Let $G$ be an $X,Y$-bigraph. Show that the following are equivalent.
a) $G$ is connected and every edge appears in some perfect matching.
b) $G$ has exactly two minimum vertex covers, $X$ and $Y$.
c) $|X|=|Y|$ and every nonempty $W \nsubseteq X$ satisfies $|N(W)| \geq |W|+1$.
I want to say that since we have a perfect matching, doesn't that immediately imply that $|X|=|Y|$? I'm not sure how to word my proof for these because I feel like some things are implied directly.
Best Answer
a -> b: we will assume a third minimum vertex cover and reach contradiction. a third vertex cover will consist of a subset $X' \subset X$ and a subset $Y' \subset Y$. $X - X'$ and $Y - Y'$ thus share no edges. it means that in every perfect matching $X - X'$ is matched with $Y'$ and $Y - Y'$ is matched with $X'$. $X'$ and $Y'$ must have edges between them otherwise G is not connected, however these edges cannot be a part of any perfect matching, leading to a contradiction.
b -> c: if for some $Y' \subset Y$: $|N(Y')| \leq |Y'|$, then $Y - Y' + N(Y')$ is a vertex cover with length equal or smaller than $Y$.
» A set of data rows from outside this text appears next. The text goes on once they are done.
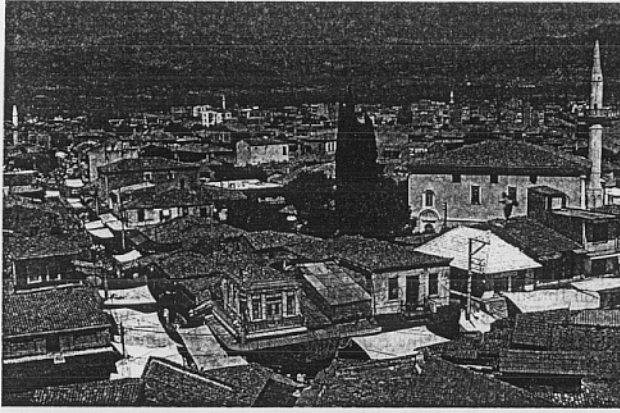
Ödemiş Çarşısı (1998): Katsırcılar sokağı Ödemiş'i Tire'ye bağlayan, hâlâ bozulmamış eski yoldur.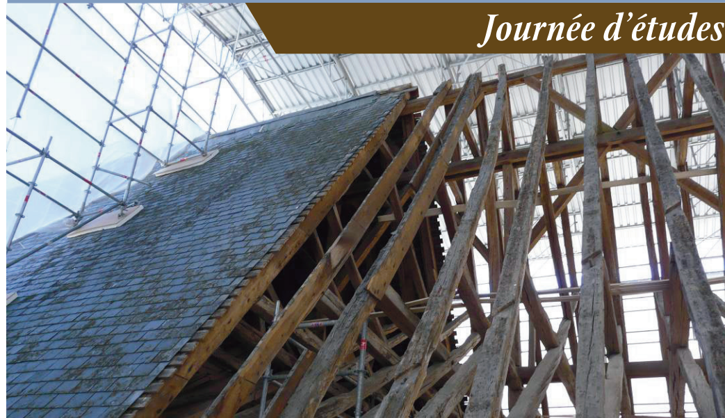
CHARPENTE ET TOITURE DE LA CATHÉDRALE DE BOURGES EN COURS DE RESTAURATION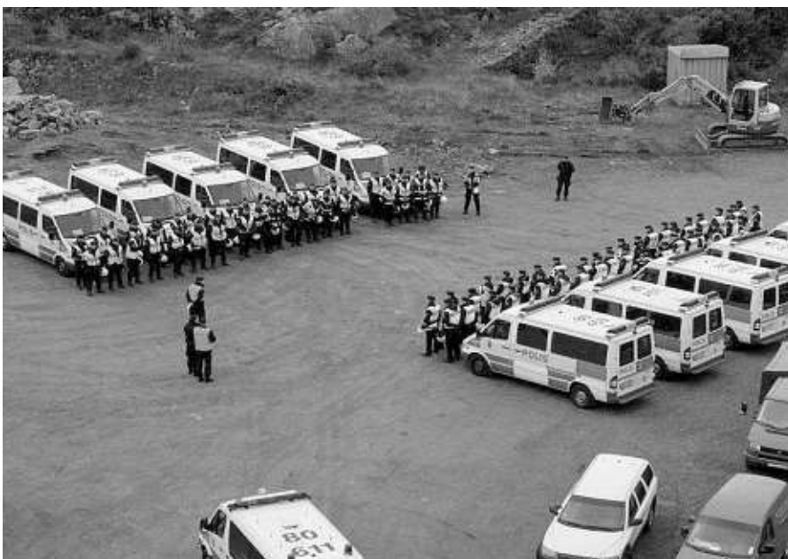
Polispatruller uppställda inför övning

Verksamheten är helt i linje med statsmaktens inriktning. Som ett exempel på detta citeras budgetpropositionen för 2012: ”Mot bakgrund av regeringens förslag om avveckling av beredskapspolisen finns behov av att polisen och Försvarmakten övar tillsammans för att skapa effektiv användning av förstärkningsresurser.”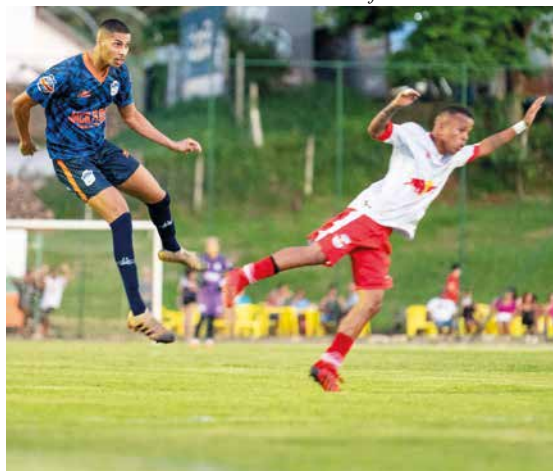
Disputa acirrada no tempo normal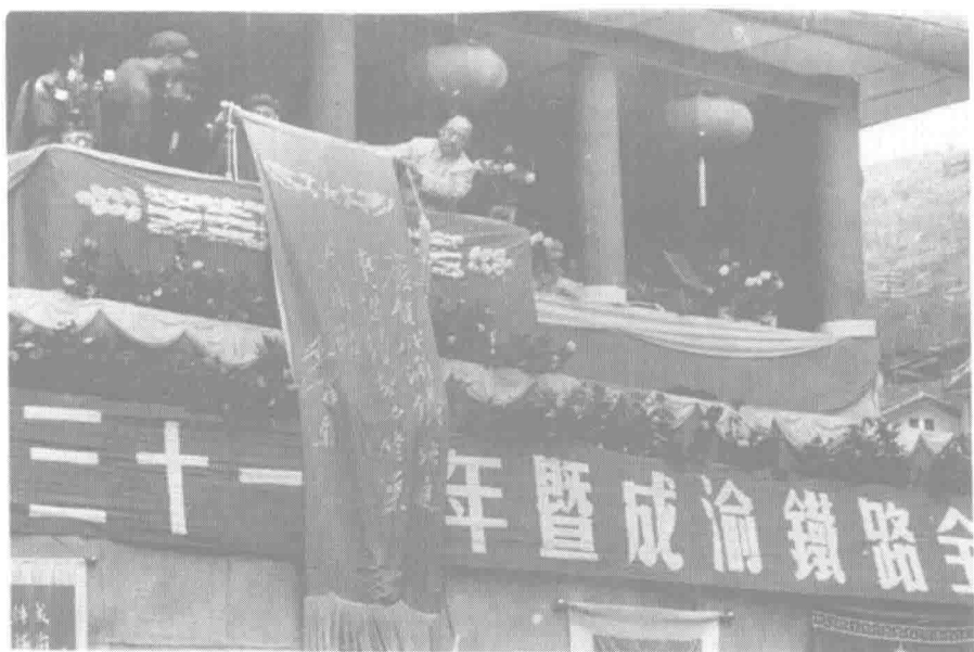
▲ 成渝铁路的建设和投入使用,对改善四川地区落后的交通状况,促进经济社会发展具有重要的战略意义。图为 1952 年 7 月在重庆火车站举行的庆祝中国共产党成立 31 周年暨成渝铁路全线通车大会上,铁道部部长滕代远将毛泽东主席亲笔题写的锦旗授给西南铁路局。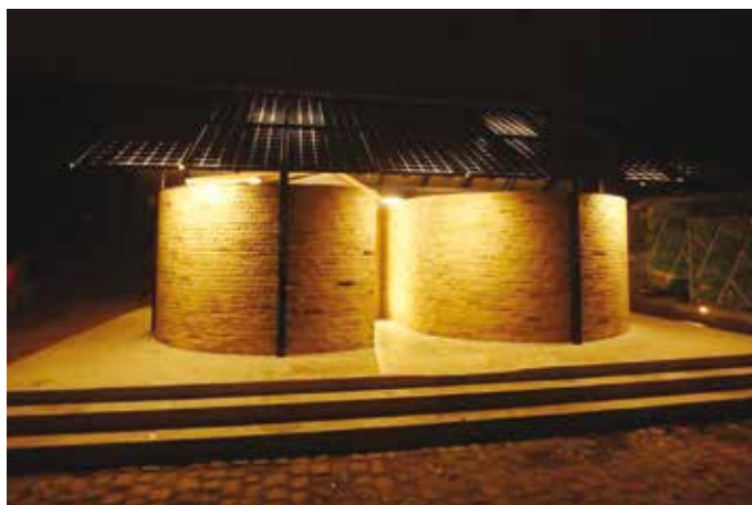
Nyopført toiletfacilitet på Carl Madsen Plads med solceller på taget.

c -> a: first a proof by contradiction that G is connected. for a maximal disconnected component $G' \subset G$, $|G' \cap Y| +1\leq |G' \cap X|$ since the Y part of $G'$ has at least $|N(G' \cap Y)| + 1$ many neighbors. however the part of Y not in $G'$ also has more neighbors than its length, so it must have a neighbor in $G' \cap X$, leading to a contradiction. we will now construct a perfect matching using any arbitrary edge. for any edge $xy$ we can construct a perfect matching between $X-x$ and $Y-y$. by removing $y$ from $Y$, it is still true that for any $Y' \subset Y-y$: $|N(Y')| \geq Y'+1$, removing $x$ from $X$ still leaves us with $|N(Y')| \geq Y'$, which is Hall's marriage theorem condition for a perfect matching. add the edge $xy$ to the mix and we have a perfect matching between $X$ to $Y$ using any arbitrary edge $xy$.